== DATA EXCERPTS ==

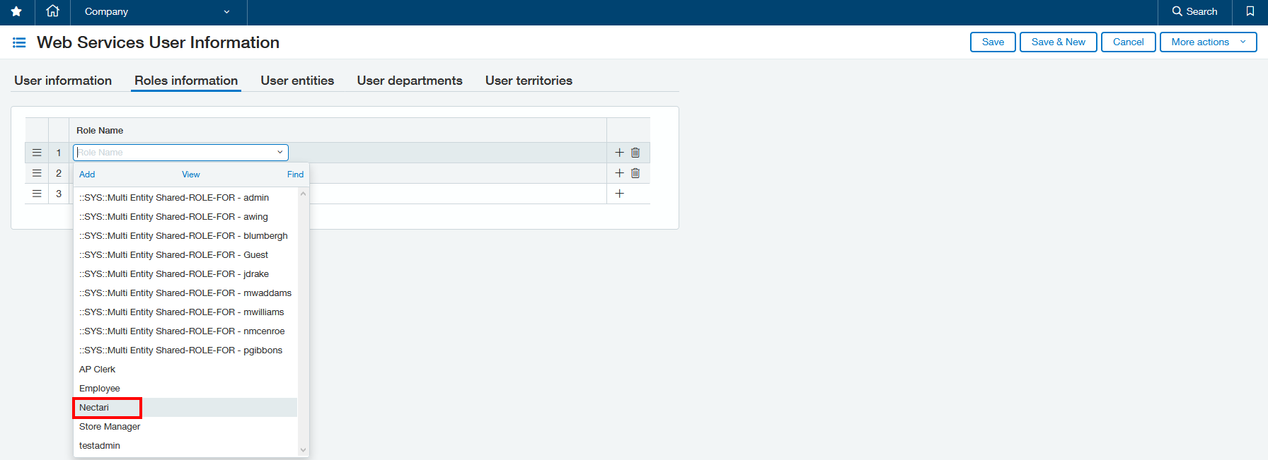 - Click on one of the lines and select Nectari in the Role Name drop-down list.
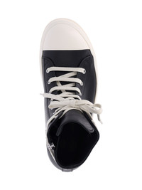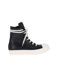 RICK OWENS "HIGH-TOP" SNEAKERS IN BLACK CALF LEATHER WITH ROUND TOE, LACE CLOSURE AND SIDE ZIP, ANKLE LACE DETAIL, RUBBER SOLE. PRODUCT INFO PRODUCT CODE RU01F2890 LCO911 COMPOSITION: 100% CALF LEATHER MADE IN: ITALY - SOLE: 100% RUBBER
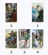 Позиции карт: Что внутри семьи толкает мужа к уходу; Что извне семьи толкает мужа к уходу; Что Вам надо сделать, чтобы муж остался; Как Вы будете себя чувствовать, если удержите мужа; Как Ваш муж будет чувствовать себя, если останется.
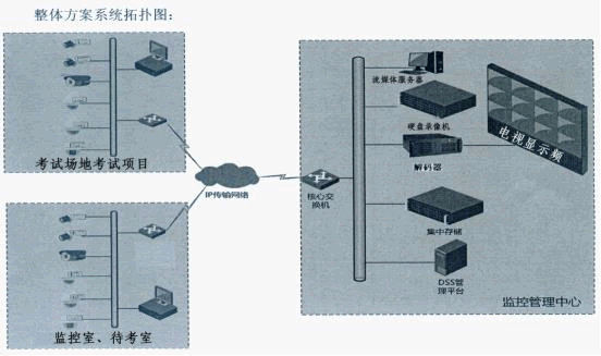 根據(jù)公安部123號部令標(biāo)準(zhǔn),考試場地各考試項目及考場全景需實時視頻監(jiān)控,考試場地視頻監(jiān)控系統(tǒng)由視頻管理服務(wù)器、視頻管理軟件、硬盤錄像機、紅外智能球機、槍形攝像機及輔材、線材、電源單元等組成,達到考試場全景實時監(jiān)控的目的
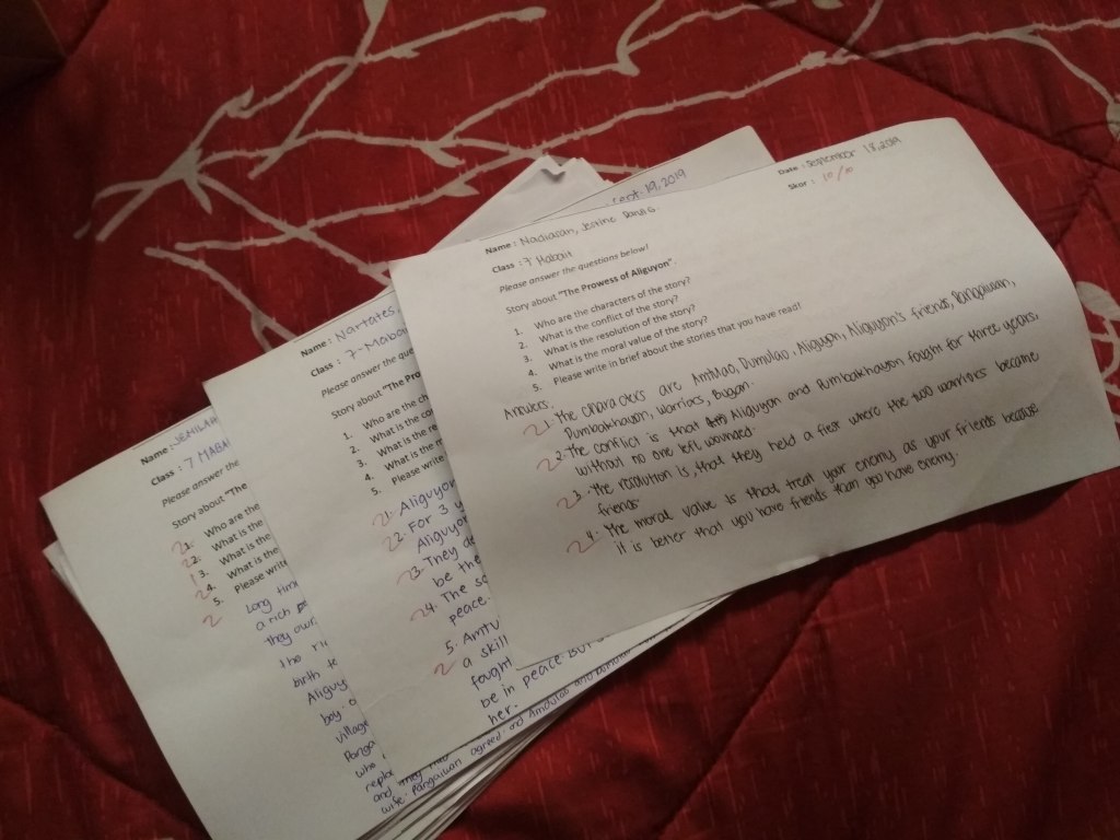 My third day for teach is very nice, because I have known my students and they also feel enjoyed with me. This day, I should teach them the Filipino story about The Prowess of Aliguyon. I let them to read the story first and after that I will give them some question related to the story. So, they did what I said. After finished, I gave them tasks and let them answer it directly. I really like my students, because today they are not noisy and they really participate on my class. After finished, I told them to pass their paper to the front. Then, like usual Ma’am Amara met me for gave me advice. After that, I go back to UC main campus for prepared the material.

===

ASSIGNMENT
Return every line of the data above exactly, and omit all pictures.

SOLUTION
 - Click on one of the lines and select Nectari in the Role Name drop-down list.
 RICK OWENS "HIGH-TOP" SNEAKERS IN BLACK CALF LEATHER WITH ROUND TOE, LACE CLOSURE AND SIDE ZIP, ANKLE LACE DETAIL, RUBBER SOLE. PRODUCT INFO PRODUCT CODE RU01F2890 LCO911 COMPOSITION: 100% CALF LEATHER MADE IN: ITALY - SOLE: 100% RUBBER
 Позиции карт: Что внутри семьи толкает мужа к уходу; Что извне семьи толкает мужа к уходу; Что Вам надо сделать, чтобы муж остался; Как Вы будете себя чувствовать, если удержите мужа; Как Ваш муж будет чувствовать себя, если останется.
 根據(jù)公安部123號部令標(biāo)準(zhǔn),考試場地各考試項目及考場全景需實時視頻監(jiān)控,考試場地視頻監(jiān)控系統(tǒng)由視頻管理服務(wù)器、視頻管理軟件、硬盤錄像機、紅外智能球機、槍形攝像機及輔材、線材、電源單元等組成,達到考試場全景實時監(jiān)控的目的
 My third day for teach is very nice, because I have known my students and they also feel enjoyed with me. This day, I should teach them the Filipino story about The Prowess of Aliguyon. I let them to read the story first and after that I will give them some question related to the story. So, they did what I said. After finished, I gave them tasks and let them answer it directly. I really like my students, because today they are not noisy and they really participate on my class. After finished, I told them to pass their paper to the front. Then, like usual Ma’am Amara met me for gave me advice. After that, I go back to UC main campus for prepared the material.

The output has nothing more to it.